The first high point of his career came in 1982 when he was made in-charge of the UP Dairy Federation for five years. Kumar replicated the Anand pattern in the state and milk procurement for Parag Dairy shot up from some 30,000 litres to 3,00,000 litres. He began with six districts of Western Uttar Pradesh and was supposed to extend it to 28 districts. A computerised payment system was introduced for the 3,000 milk cooperative societies. He, along with his minister, Sanjay Singh from Amethi, insisted on collection of clean milk. Subsequently, he served in different departments—Secretary (Technical Education), Secretary (Food) and so on—till 1992 after which he was deputed to the Central government.

The second high point Kumar recalls was his posting in the Union Ministry of Civil Aviation in 1992. This was a time when the skies were opening up. Indian Airlines was in a bad shape. Passengers and pilots were moving out. In May 1993, he was given additional charge of the airlines after the CMD resigned. He reinvented the old workhorse and convinced the airlines’ staff to improve its interface (airhostesses and pilots). A German company trained 22,000 airlines employees on mental attitude. Kumar says internal efficiencies improved in the airlines and Sunday, then a weekly magazine, ran a story with a headline, “Smile in the Sky”. He also served as managing director of Air India for one year.

In 1982, when he was made in-charge of the UP Dairy Federation, Kumar replicated the Anand pattern and milk procurement for Parag Dairy shot up from some 30,000 litres to 3 lakh litres

In April 1998 he returned from the Centre to head the Greater Noida Authority as Chief Executive Officer. Greater Noida was still in its infancy and not many people were living there. The authority itself was operating from Noida. He remembers travelling to the city along with his wife, Rekha, one evening.

“We came to the city via Surajpur which was then a thriving town. It was pitch dark and frightening. The first thing I ordered was installation of street lights on the entire stretch,” he remembers. The objective of the authority was to develop a city where supply would exceed demand and people would not encroach on green space and would not dump their waste in the open. The authority till date maintains greenery and collects garbage from door to door.

KUMAR claims he made provisions for introduction of a bus rapid transit system (BRTS) between Noida and Greater Noida on a 130-metre road and replicated certain features of Paris’ Arc de Triomphe in Knowledge Park 3. He says the BRTS corridor still exists on paper.
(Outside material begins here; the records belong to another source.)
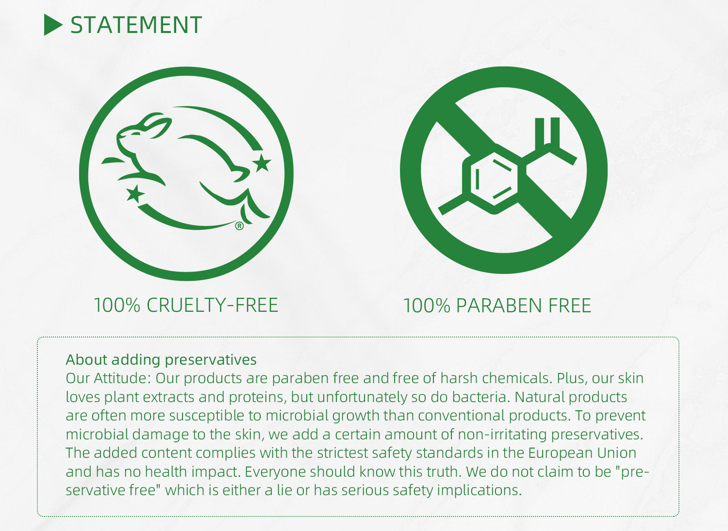 Our Attitude: Our products are paraben free and free of harsh chemicals. Plus, our skin loves plant extracts and proteins, but unfortunately so do bacteria. Natural products are generally more susceptible to microbial growth than conventional products. To prevent microbes from causing damage to the skin, we add a certain amount of non-irritating preservatives. The added content complies with the strictest safety standards in the EU and has no impact on health. Everyone should know this truth. We do not claim to be "Free of preservatives"It's either a lie or has serious security implications.
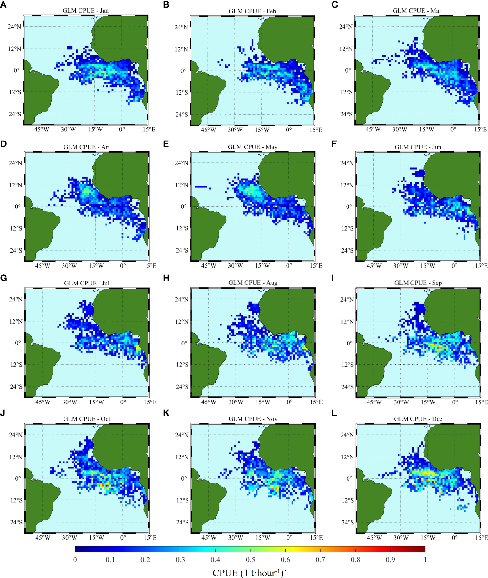 Climatology monthly spatial distribution of CPUE predicted by GLM, (A–L) correspond to January to December, respectively.
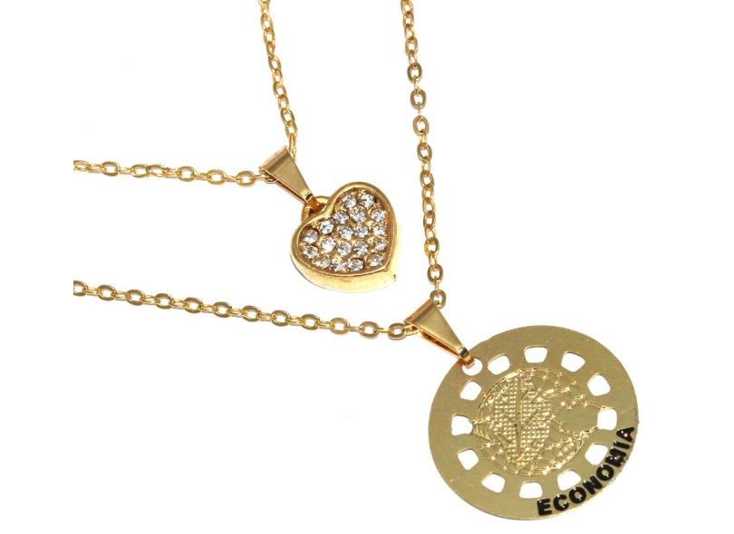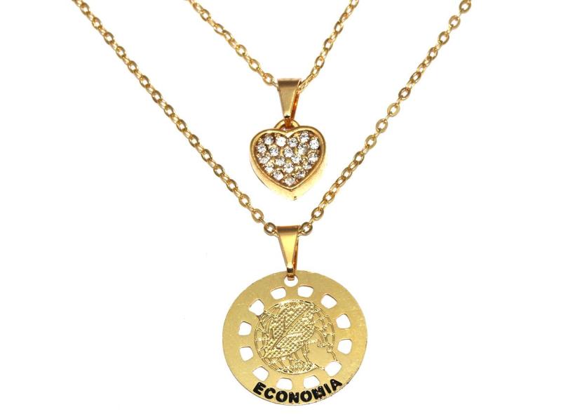 Colar Duplo Minha Profissão Economia Folheado Ouro 18k

He ensured quality of roads by inspecting their macadam surface himself.

However, his biggest challenge was to bring people to live in the city. He claims to have heard people say, “The authority is operating from Noida and wants us to live in Greater Noida.” In October 1998 he decided to construct a new authority office. The office was built in three months. It was supposed to serve the authority for three years. But till date, the Greater Noida Authority operates from there.
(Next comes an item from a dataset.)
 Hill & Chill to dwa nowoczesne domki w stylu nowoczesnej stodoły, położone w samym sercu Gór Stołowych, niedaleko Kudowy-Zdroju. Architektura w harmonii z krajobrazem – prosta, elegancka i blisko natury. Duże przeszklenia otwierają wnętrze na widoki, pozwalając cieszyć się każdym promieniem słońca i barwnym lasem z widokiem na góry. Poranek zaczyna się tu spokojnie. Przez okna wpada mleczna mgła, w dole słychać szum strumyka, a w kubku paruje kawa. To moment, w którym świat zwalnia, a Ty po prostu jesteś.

Next, Kumar convinced Mahesh Sharma, owner of Kailash Hospital in Noida (currently Union minister of state for tourism) to build a hospital to cater to the local population. The Greater Noida Authority under Kumar sold commercial areas and set up new residential sectors. On May 1, 2002, when the Mayawati government took over in Lucknow, he shifted to the Centre again. He demitted office in June 2004 as Secretary, Information Technology.

Today, Kumar resides in Greater Noida at the same spot he visited in 1998 during one of his initial forays into the city.